= Sam Collins (music hall) =

Collins c. 1860

Sam Collins (born Samuel Thomas Collins Vagg; 22 March 1825 - 25 May 1865) was an English music hall comedian, singer and theatre proprietor.

He was born in Marylebone, London, and started work as a chimney sweep. He began touring the music halls in London in the 1840s, in the guise of an Irish traveller, characteristically "wearing a brimless top hat, a dress coat, knee breeches, worsted stockings, and brogues... his clothes tied up in a bundle and a shillelagh on his shoulder." His songs, such as "Paddy's Wedding", "Limerick Races", and "The Rocky Road to Dublin", earned him the nickname "The Singing Irishman", and "he is still regarded as the prototype stage Irish comic".
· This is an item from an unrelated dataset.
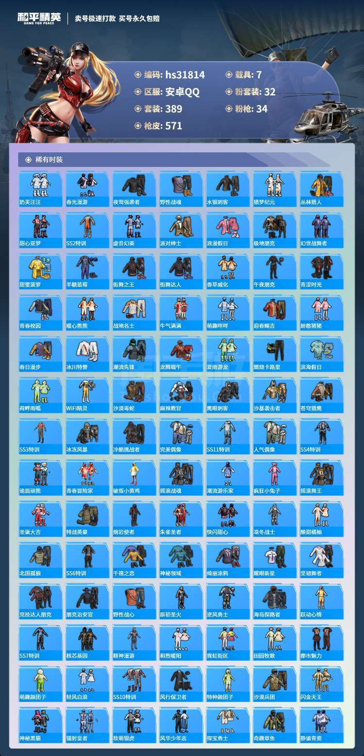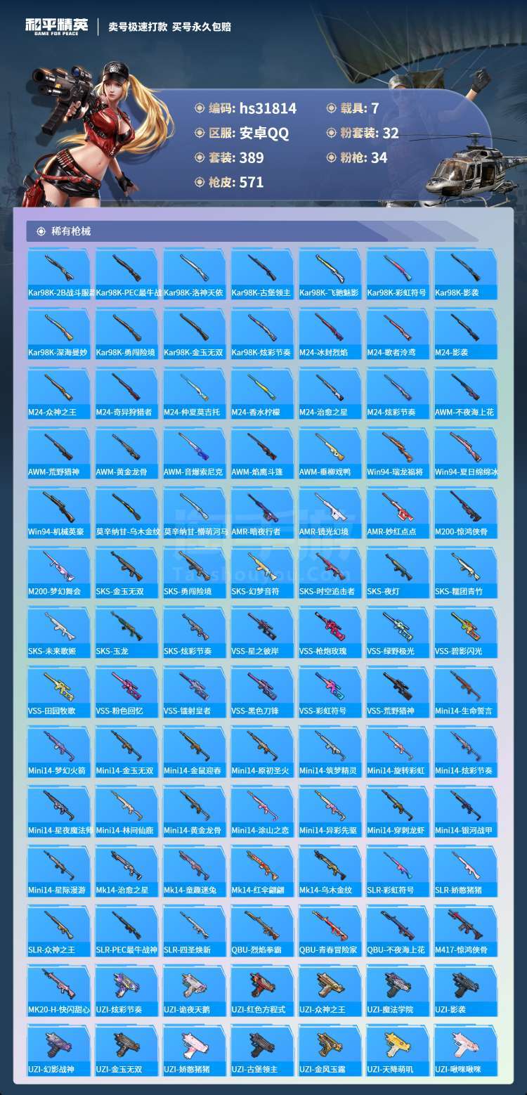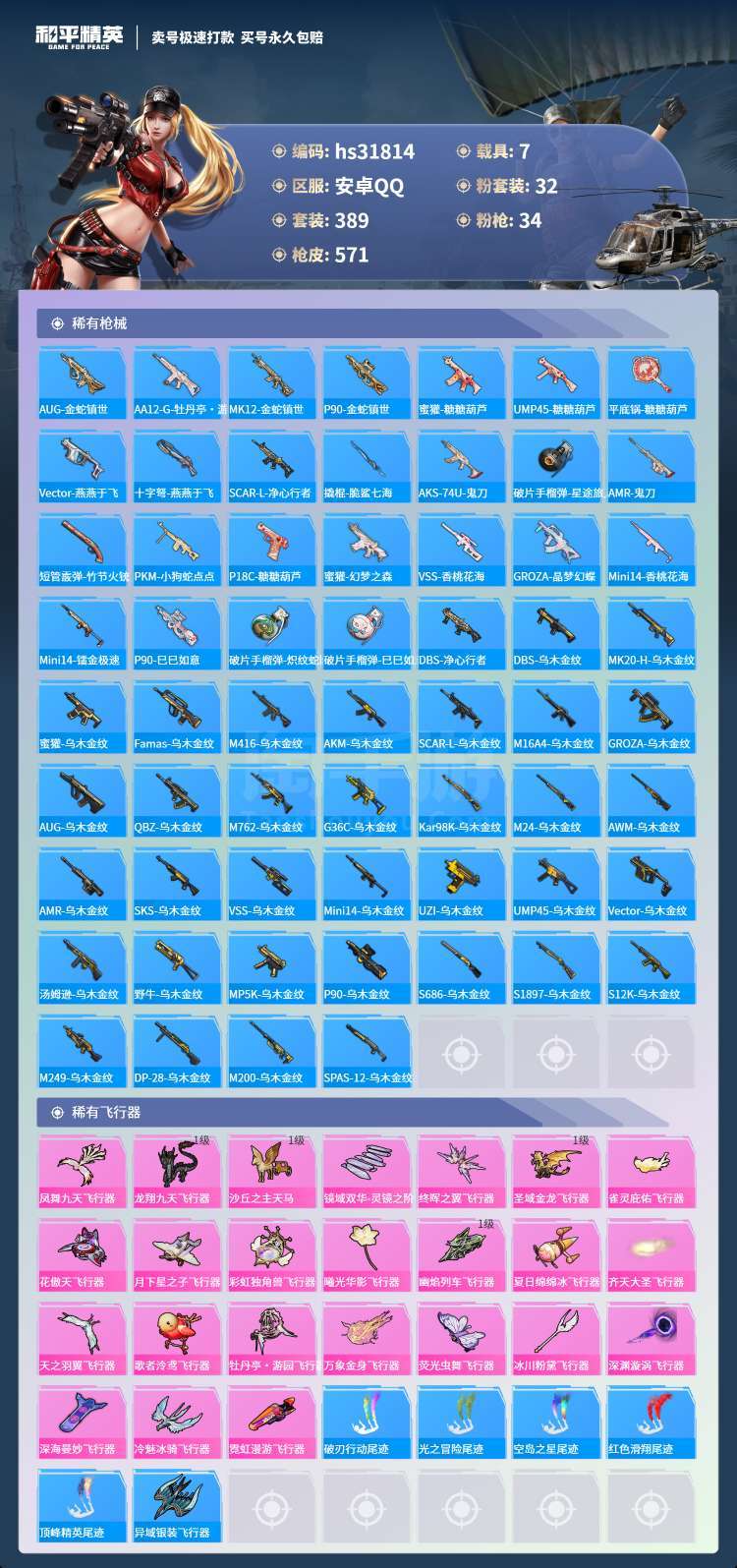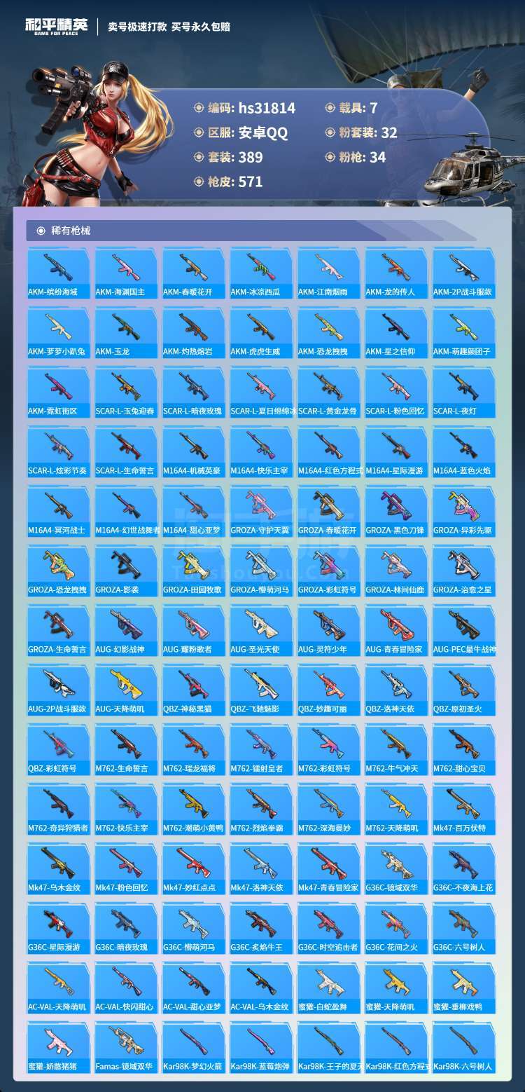 和平精英【安卓QQ】hs31814 安卓手Q-22王牌印记-32粉装-34特效枪-7载具-220042热力值-389套装

In 1855, he bought the Rose of Normandy tavern, and turned it into the Marylebone Music Hall, accommodating over 800 patrons. He sold it in 1861, and bought the Lansdowne Arms in Islington, converting it into a larger venue, which became known as Collins's Music Hall after it opened in 1863. Collins died in 1865, but his widow continued to run the music hall after his death. It was enlarged in 1897 and remained as a theatre until it was destroyed by fire in 1958.